札束でビンタから始まる怪力令嬢の勘違い契約結婚~お飾りの妻は最高です~
「そもそも保存がきかないものを王都で売るのはおすすめできませんよ。これではもし運良く運べたとしても売れるかはわかりませんから。それと、この商人は詐欺を繰り返しています」
「……なんだと!?」
「この期に捕えたいので、協力をお願いします」
「それはもちろんだ。
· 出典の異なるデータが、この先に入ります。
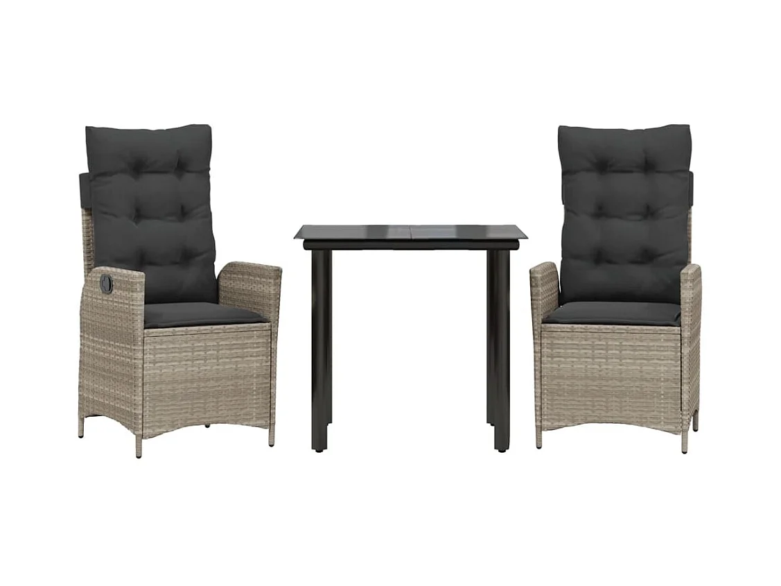 Serafino Juego de comedor de jardín 3 piezas con cojines gris

だが、今度はうまくいくと思ったのに……っ」
がっかりした父の表情を見ると胸が痛む。
今回は最後のチャンスでもあり、母のためにと今までよりも力を入れていたことを知っていたからだ。
(あのお父様が屋敷を担保にしているものね……)
ジョセフィーヌが壊した扉から部屋には風が吹き込んでいる。
アイナスに求愛を続けるジョセフィーヌ。
そんな彼女の突進と猛攻を慣れたようにかわしているアイナスは、風で散らばった書類を片付けていた。
オリヴィアも書類を整理しつつ、部屋を移動しようと話しかけるタイミングをうかがっていた。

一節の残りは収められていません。